(ABOUT THIS EXERCISE)
Scan the records below for the line with "Petit sac en" and the line with "Sabiha Gökçen Havalimanı Meydan". Repeat those two lines and every line between them exactly, and nothing else.

(DATA IN THIS EXERCISE)
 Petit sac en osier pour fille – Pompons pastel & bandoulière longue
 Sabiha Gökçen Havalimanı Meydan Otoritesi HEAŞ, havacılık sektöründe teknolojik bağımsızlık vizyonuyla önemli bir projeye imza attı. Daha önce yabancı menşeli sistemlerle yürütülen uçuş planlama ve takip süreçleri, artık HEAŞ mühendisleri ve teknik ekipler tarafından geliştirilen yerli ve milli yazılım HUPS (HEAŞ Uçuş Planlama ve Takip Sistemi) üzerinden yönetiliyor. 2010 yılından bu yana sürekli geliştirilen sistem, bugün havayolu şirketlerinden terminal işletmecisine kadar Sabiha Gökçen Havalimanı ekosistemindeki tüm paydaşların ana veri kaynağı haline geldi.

...

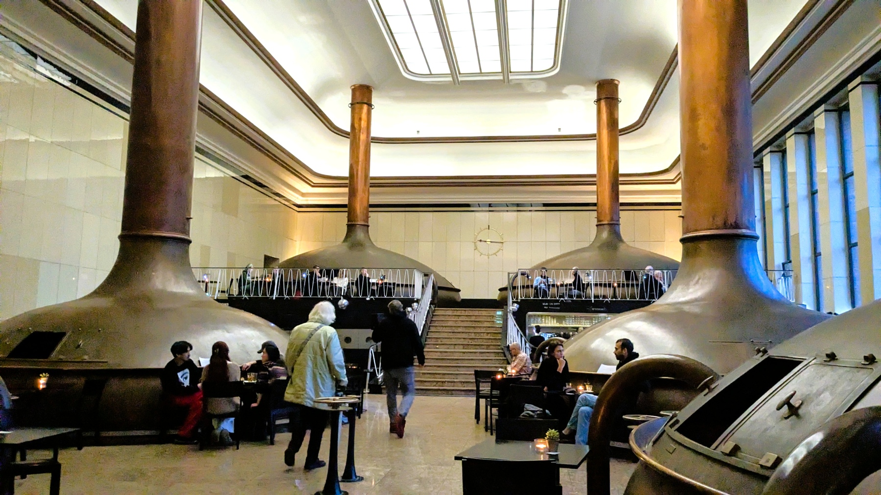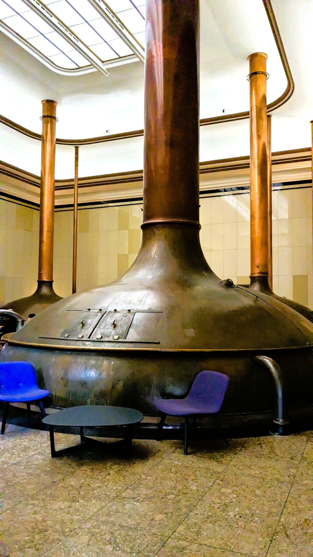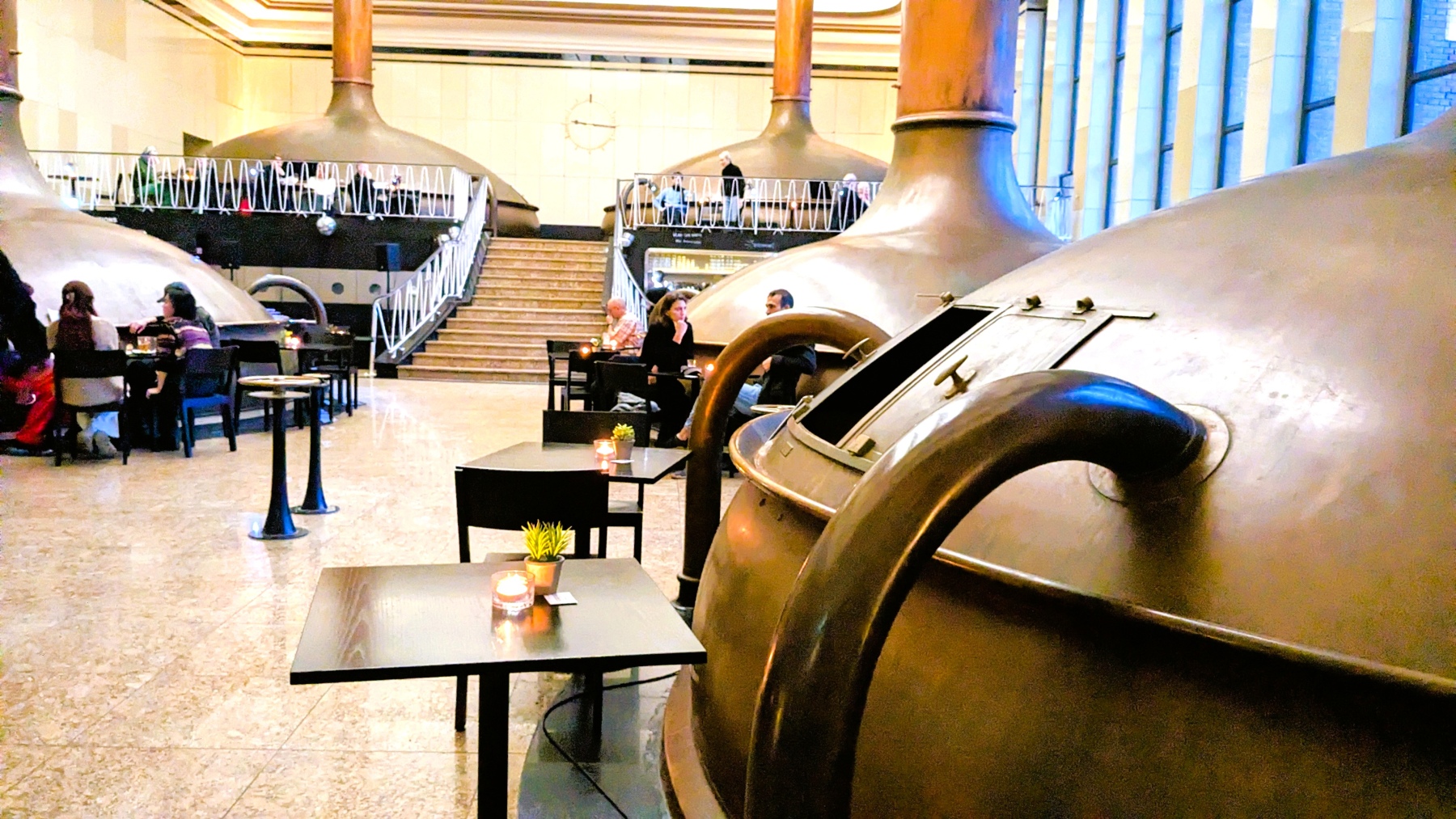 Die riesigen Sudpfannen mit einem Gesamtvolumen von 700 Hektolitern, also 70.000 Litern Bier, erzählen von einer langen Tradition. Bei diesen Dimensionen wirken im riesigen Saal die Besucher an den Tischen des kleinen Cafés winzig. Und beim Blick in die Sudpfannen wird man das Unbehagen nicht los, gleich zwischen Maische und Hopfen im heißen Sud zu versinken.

(ANSWER BELOW)
 Petit sac en osier pour fille – Pompons pastel & bandoulière longue
 Sabiha Gökçen Havalimanı Meydan Otoritesi HEAŞ, havacılık sektöründe teknolojik bağımsızlık vizyonuyla önemli bir projeye imza attı. Daha önce yabancı menşeli sistemlerle yürütülen uçuş planlama ve takip süreçleri, artık HEAŞ mühendisleri ve teknik ekipler tarafından geliştirilen yerli ve milli yazılım HUPS (HEAŞ Uçuş Planlama ve Takip Sistemi) üzerinden yönetiliyor. 2010 yılından bu yana sürekli geliştirilen sistem, bugün havayolu şirketlerinden terminal işletmecisine kadar Sabiha Gökçen Havalimanı ekosistemindeki tüm paydaşların ana veri kaynağı haline geldi.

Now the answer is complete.